Johnson noted that the Noncommercial Educational (NCE) FM band from 87.9 to 91.9 FM is the home of public radio, educational radio, alternative radio, community radio and religious noncommercial educational radio. The Federal Communications Commission (FCC) created NCE licensing for curriculum-based educational radio stations connected to public school systems. Spectrum scarcity in the commercial FM band caused religious broadcasters to actively seek frequencies in the NCE band. Over time, NCE decisions at the FCC and the creation of public broadcasting relaxed the educational requirements and made it possible for religious groups to successfully argue that they were eligible for NCE licenses.
The case study employs historical and legal research methods to tell the story of individuals and organizations that helped define and challenge FCC policy, including the U.S. Office of Education led by John Ward Studebaker, the Moody Bible Institute (MBI) and the major decisions and policy statements at the FCC (and FRC) that defined educational and religious broadcasting policy from the earliest days of radio to the present.
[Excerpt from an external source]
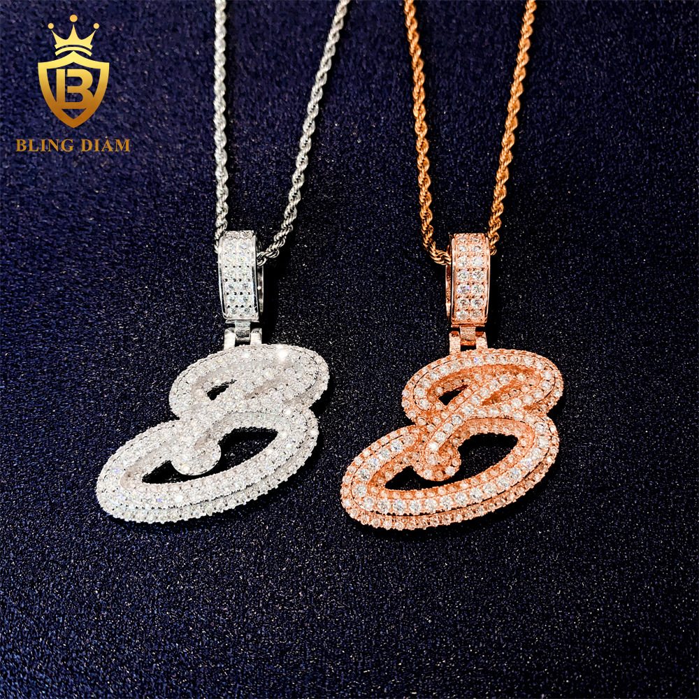hiphop jewelry cross-border hot 925 silver moissanite pendant hip-hop B letter pendant European and American trend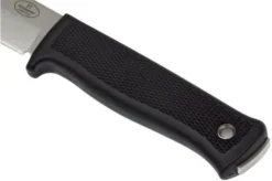 Fällkniven is very ‘modest’ about the S1. They think it’s the best hunting and fishing knife there is. And maybe they’re right too! The blade is made out of very strong laminated VG10 steel. Its sharpened convex making the knife edge really strong without increasing the risk of chipping. The blade has a modified clip-point shape by which the S1 creates high penetrating power. Although it is not a very large knife, it is big and strong enough to chop with. This makes the Fällkniven S1 very suitable for survival.

The philosophical divide over public education and religion in the noncommercial FM band reflects a similar divide in the public sphere of American life. The purpose of the study is to show that the existence of the noncommercial educational category of licensing and the reason for denying access to religious organizations is rooted in the history of public education in America, in Progressivism, and its children, the New Deal and the Great Society. The FCC based its 1977 decision to allow access to religious broadcasters in the First Amendment to the United States Constitution.